19. The issue in controversy, in the present case, was purely factual in nature. There are concurrent findings, by the learned Civil Judge as well as the learned ADJ, that the rights asserted by the respondent did not involve adjudication into the question of title. Even otherwise, both the appellants and the respondent were claiming title through Mamchand Tanwar, with the respondent asserting title on the basis of a registered Sale Deed executed by his mother Shakuntala Devi and the appellants asserting title on the basis of a GPA stated to have been executed by Mamchand Tanwar in favour of Appellant 1. As to whether a mere GPA could result in transfer of title is a matter which may require to be considered.

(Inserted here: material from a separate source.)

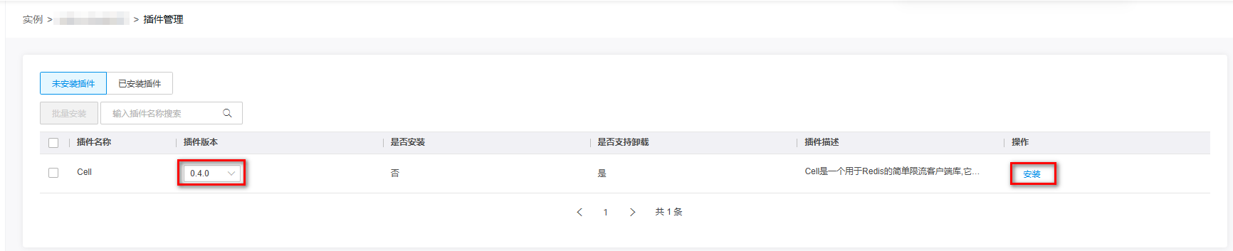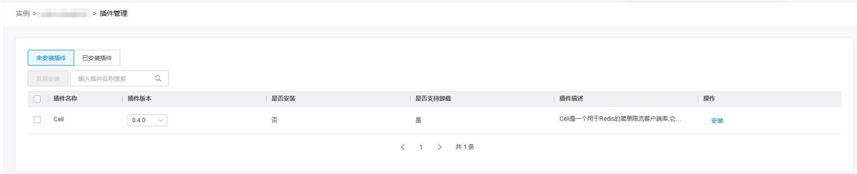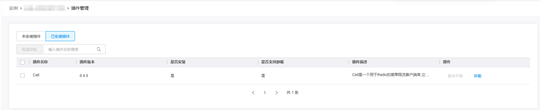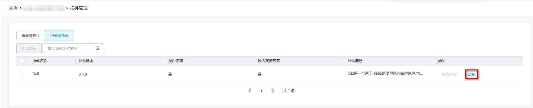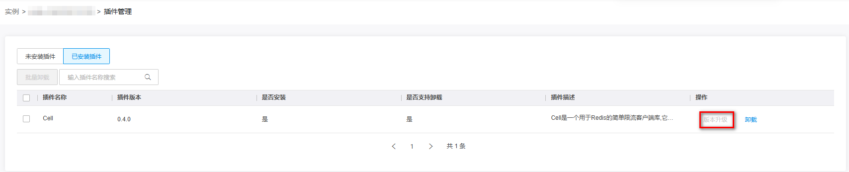 对实例进行安装插件、卸载插件、升级插件版本操作将有秒级闪断,请在业务低峰期操作,并保证程序有重连机制。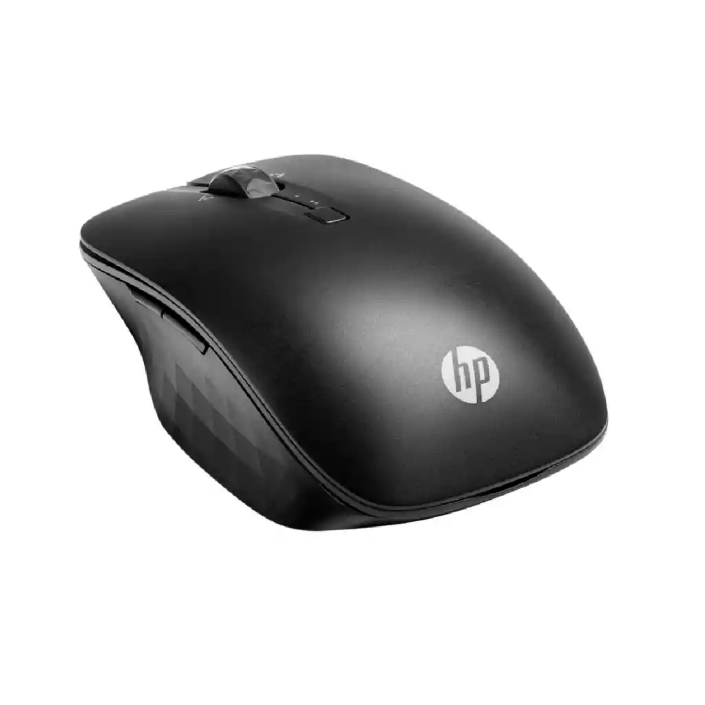 Mouse inalámbrico HP Bluetooth Travel Mouse que funciona prácticamente en cualquier superficie, incluido el vidrio, e incluso puede manejar dos PC a la vez.

This Court is not expressing any opinion thereon as learned Counsel for the appellants submits that the issue of title is presently sub judice in another pending suit.

20. The learned ADJ has correctly relied on the evidence of DW-2 to hold that there existed, at one point of time, a cemented water tank on the roof of the suit property, which was damaged by Appellant 1 in

2014. In that view of the matter, the learned ADJ cannot be faulted in holding that the respondent was entitled to restoration of the status quo ante, by installation of a water tank on the roof of the suit property, as well as access thereto, limited to maintenance and upkeep of the water tank.

21. No substantial question of law, within the meaning of Section 100 of the CPC, therefore, arises in the present appeal. The appeal is dismissed in limine with no order as to costs. Miscellaneous applications are also disposed of.